### THE TASK
Output the full listing below exactly, without the pictures.

### GIVEN DATA
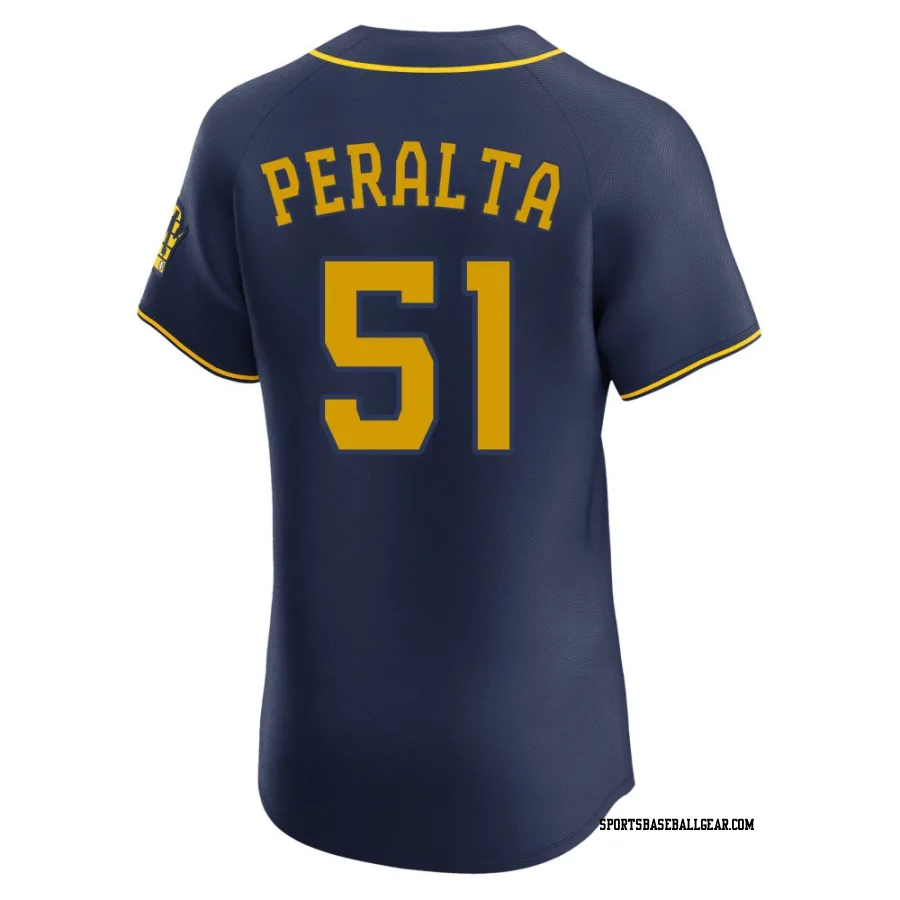 Get the Freddy Peralta Men's Milwaukee Brewers Navy Elite Alternate Jersey, showcasing the latest design and premium quality for dedicated fans. Elevate your baseball wardrobe now!
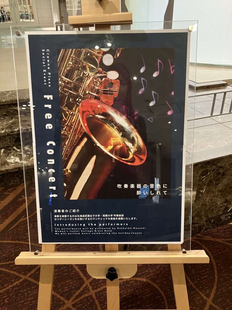 ホテルの冬季イベントの一環として出演依頼をいただき、クリスマスにちなんだ楽曲や、誰もが一度は耳にしたことのある映画音楽、ミュージカル音楽などを約1時間にわたりお届けしました。
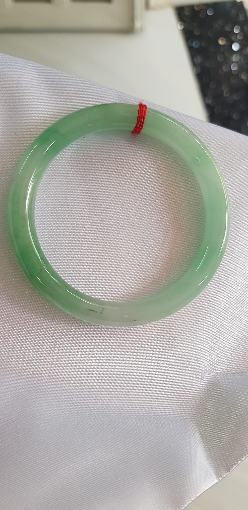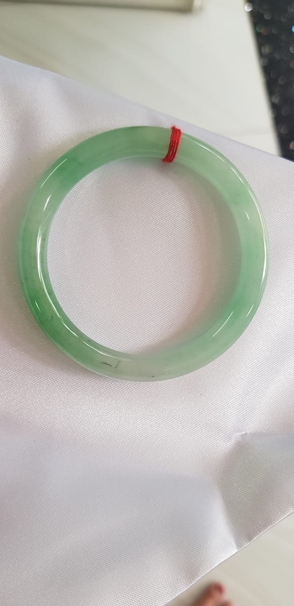 Vòng cẩm thạch Ngọc Đẹp Lý A SỊN 50mm x 7mm tự nhiên màu xanh ngọc bóng điểm xanh nữ 50kg - 54kg ạ

### RESPONSE BELOW
 Get the Freddy Peralta Men's Milwaukee Brewers Navy Elite Alternate Jersey, showcasing the latest design and premium quality for dedicated fans. Elevate your baseball wardrobe now!
 ホテルの冬季イベントの一環として出演依頼をいただき、クリスマスにちなんだ楽曲や、誰もが一度は耳にしたことのある映画音楽、ミュージカル音楽などを約1時間にわたりお届けしました。
 Vòng cẩm thạch Ngọc Đẹp Lý A SỊN 50mm x 7mm tự nhiên màu xanh ngọc bóng điểm xanh nữ 50kg - 54kg ạ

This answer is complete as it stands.